What needs to be done ▸ Transcribe the listing below in full, exactly, with no images.

Source material ▸
|---|

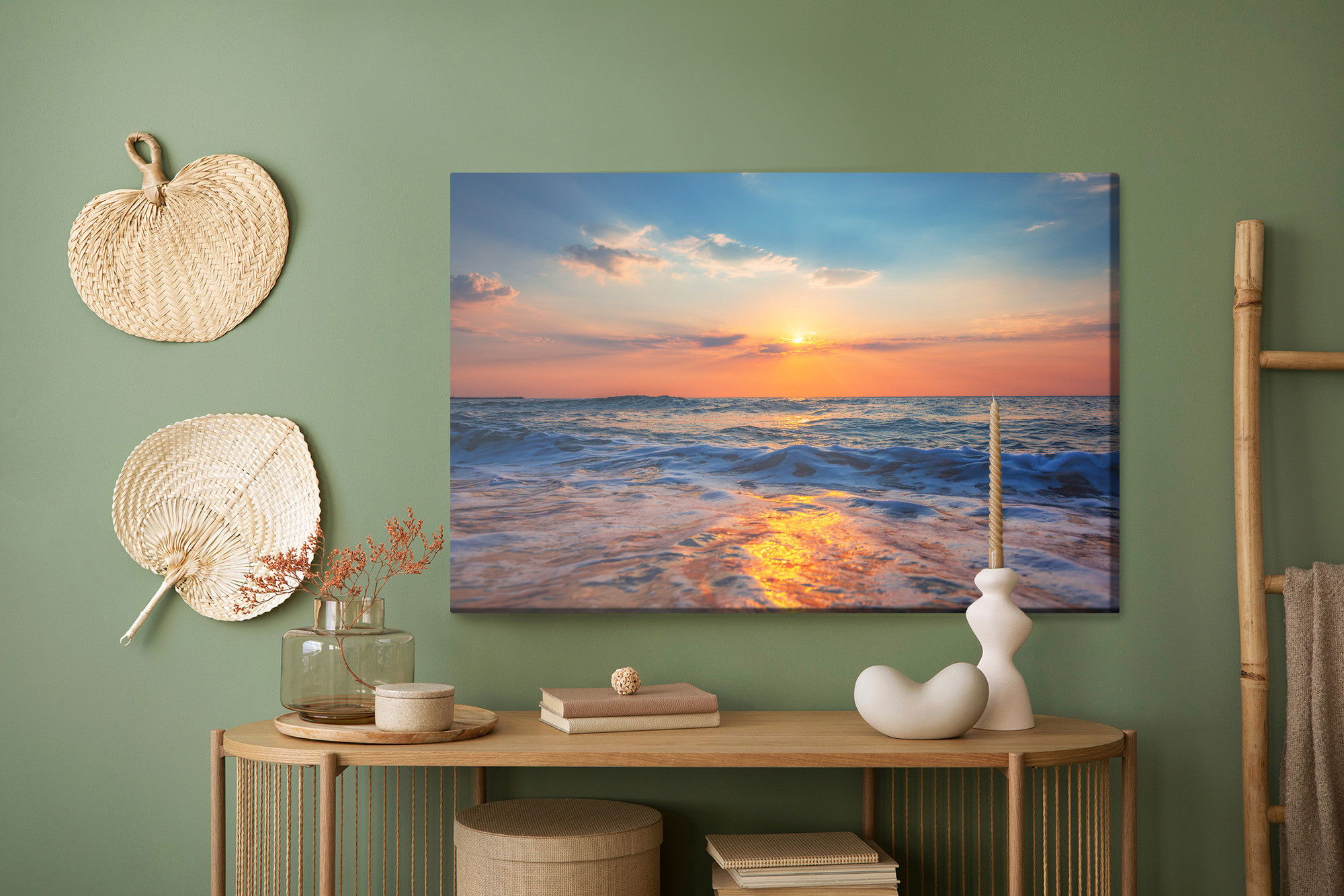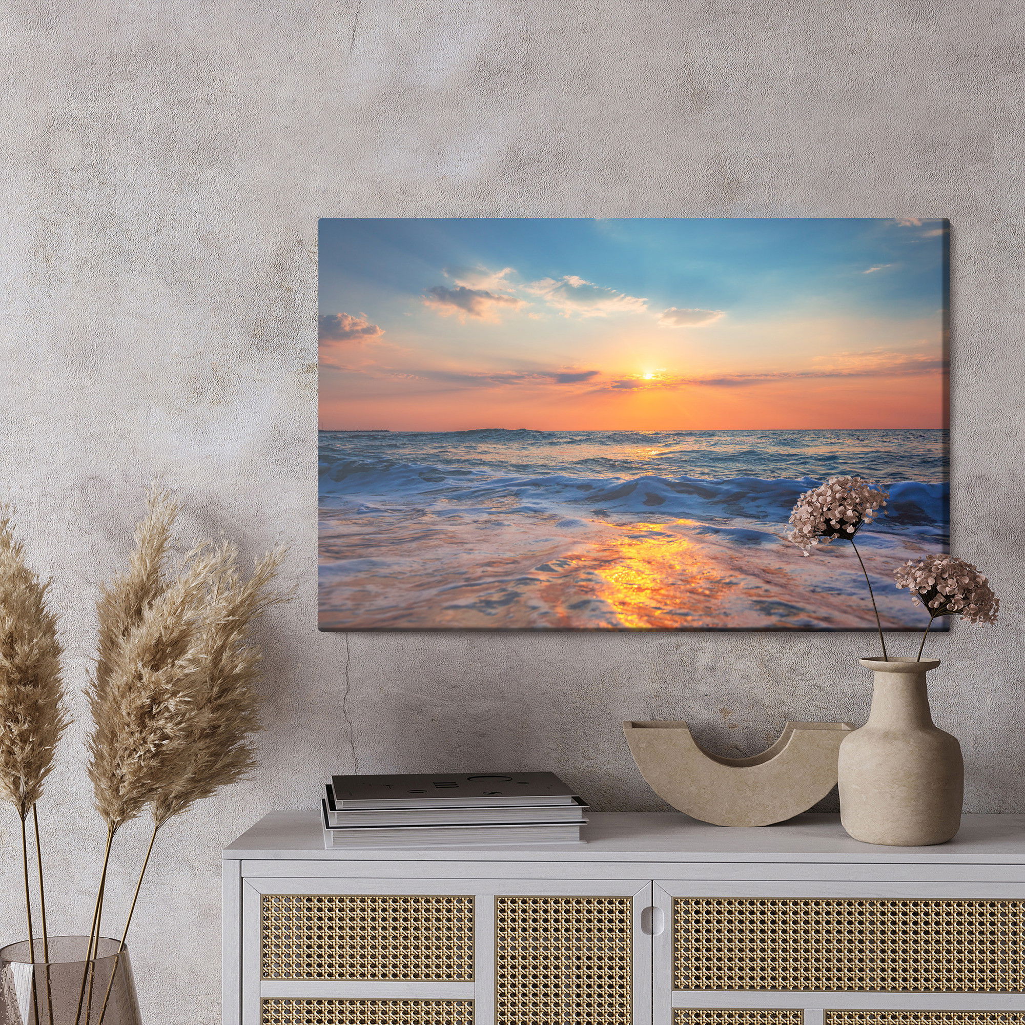 Placera tavlan där du upplever mycket eko eller hög ljudnivå, till exempel i öppna planlösningar, hemmakontor eller sociala ytor. Motiv i denna kategori gör sig särskilt bra i rum där du vill skapa en genomtänkt och sammanhängande känsla. Motiv med hav, vatten och horisonter ger rummet en lugn, djup känsla där mjuka färgskiftningar och ljusreflektioner förstärker atmosfären.
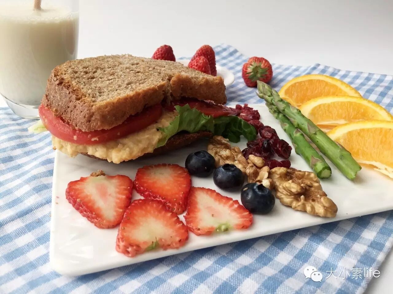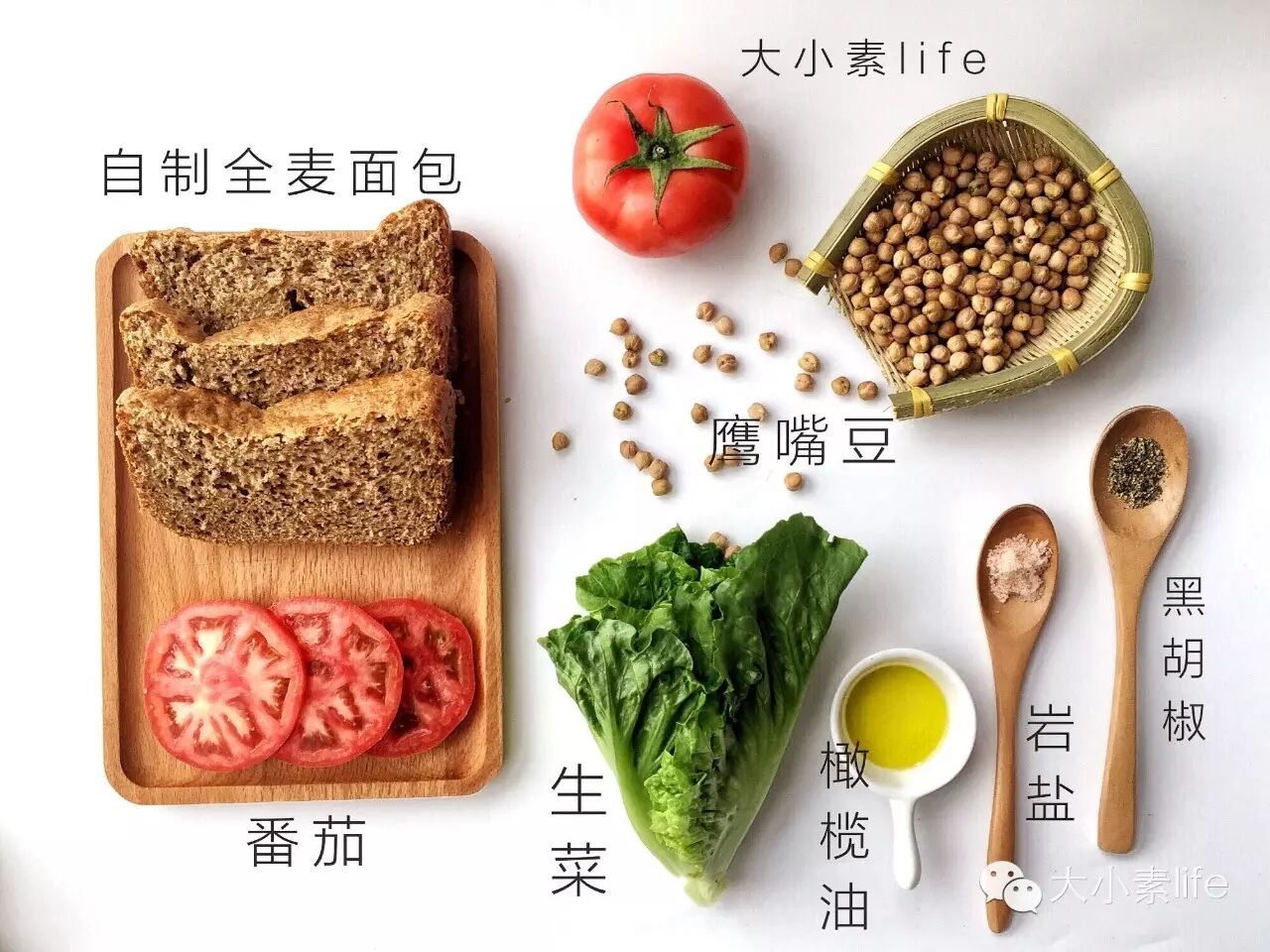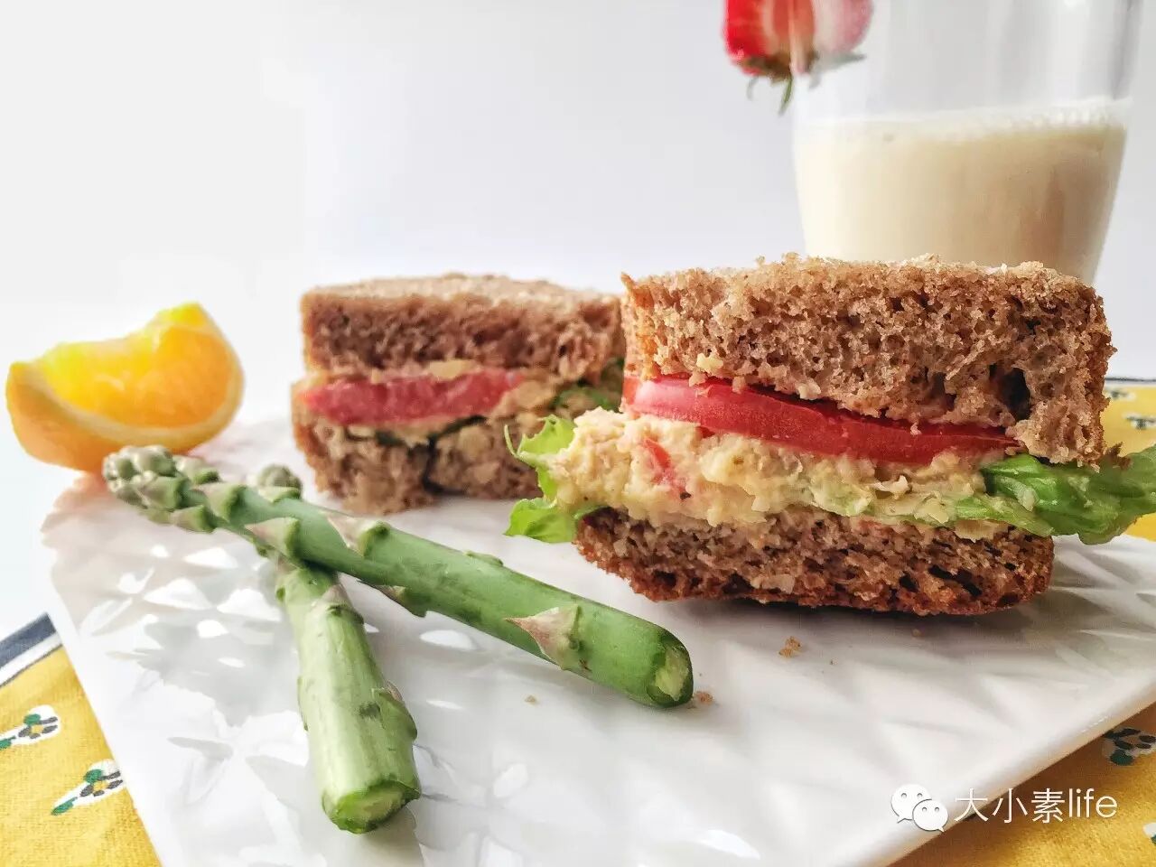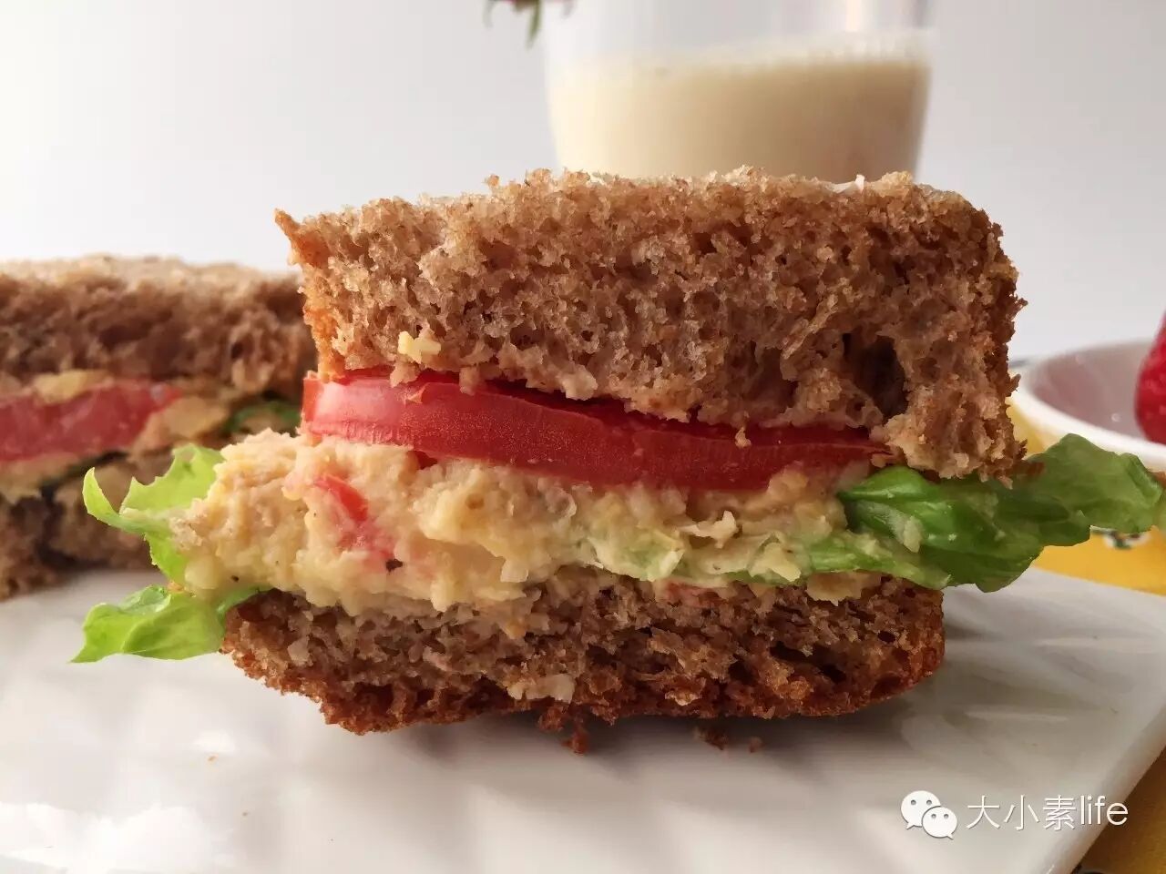 5、鹰嘴豆打成泥后,先拿一片全麦面包放上生菜、鹰嘴豆泥、番茄,最后放上一片面包,一款三文治鹰嘴豆泥就做好了。
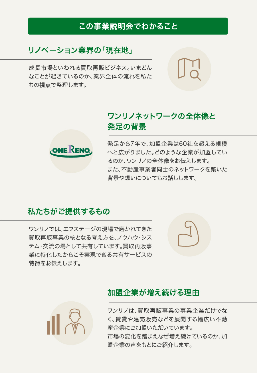 なぜ不動産事業者が続々とワンリノへ加盟しているのか?その背景には、市況の変化があります。本説明会ではその変化が、ワンリノにどう結びつくのかを紐解いていきます。
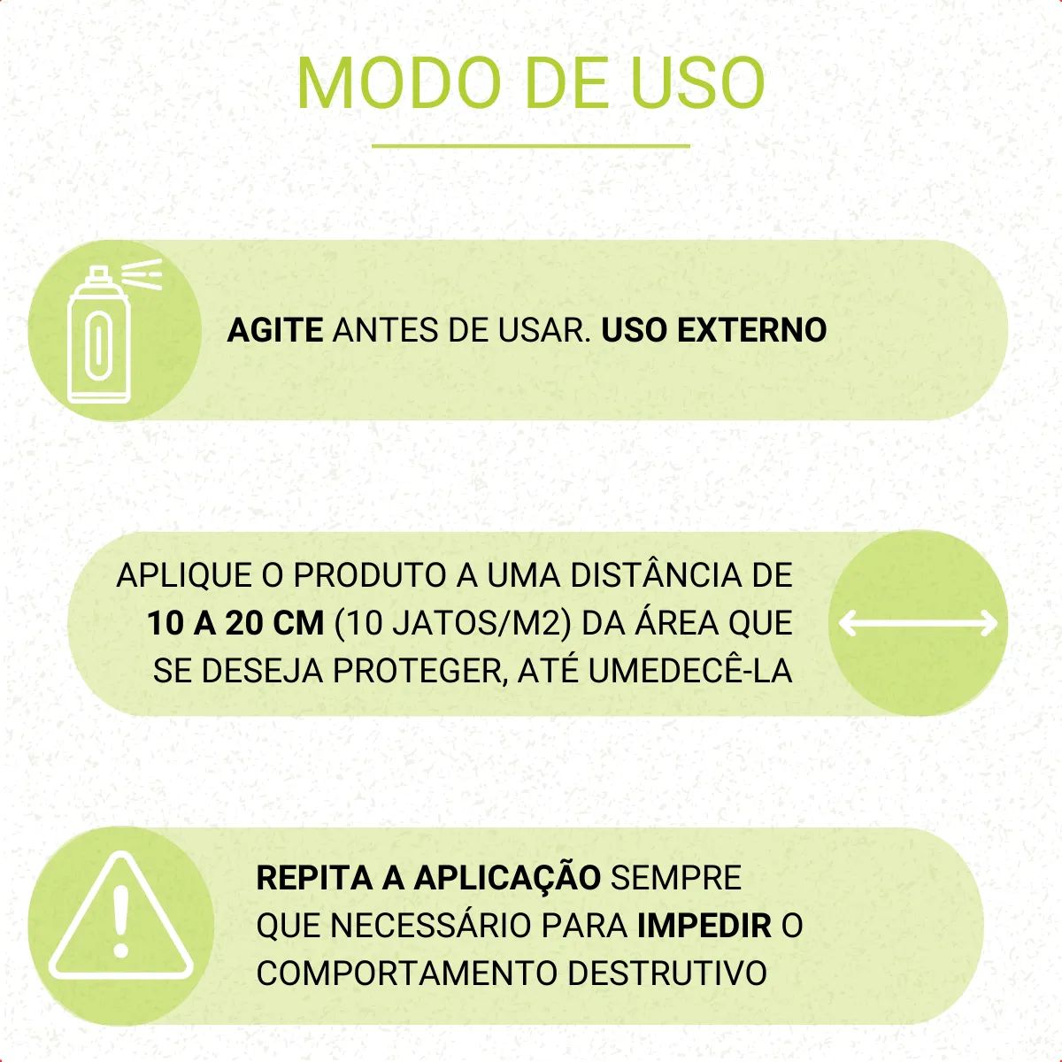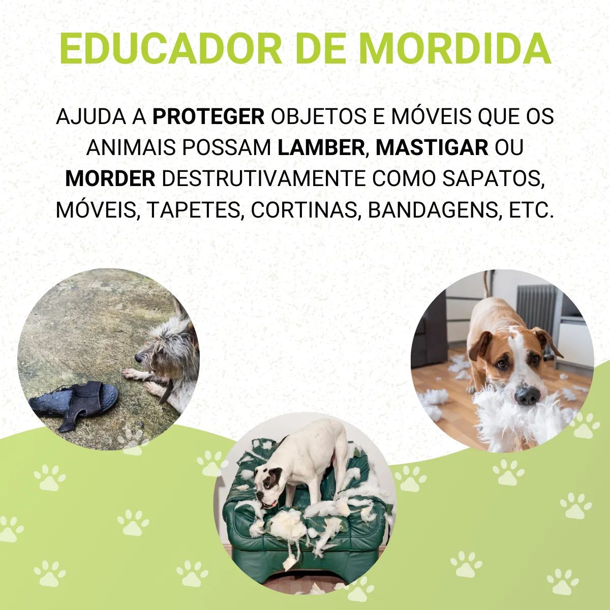 PROTEÇÃO IMEDIATA DOS SEUS BENS Aplique em móveis, rodapés, sapatos, fios, plantas, tapetes e qualquer objeto que seu pet insista em morder. A proteção começa na primeira aplicação.

|---|

Response area ▸
 Placera tavlan där du upplever mycket eko eller hög ljudnivå, till exempel i öppna planlösningar, hemmakontor eller sociala ytor. Motiv i denna kategori gör sig särskilt bra i rum där du vill skapa en genomtänkt och sammanhängande känsla. Motiv med hav, vatten och horisonter ger rummet en lugn, djup känsla där mjuka färgskiftningar och ljusreflektioner förstärker atmosfären.
 5、鹰嘴豆打成泥后,先拿一片全麦面包放上生菜、鹰嘴豆泥、番茄,最后放上一片面包,一款三文治鹰嘴豆泥就做好了。
 なぜ不動産事業者が続々とワンリノへ加盟しているのか?その背景には、市況の変化があります。本説明会ではその変化が、ワンリノにどう結びつくのかを紐解いていきます。
 PROTEÇÃO IMEDIATA DOS SEUS BENS Aplique em móveis, rodapés, sapatos, fios, plantas, tapetes e qualquer objeto que seu pet insista em morder. A proteção começa na primeira aplicação.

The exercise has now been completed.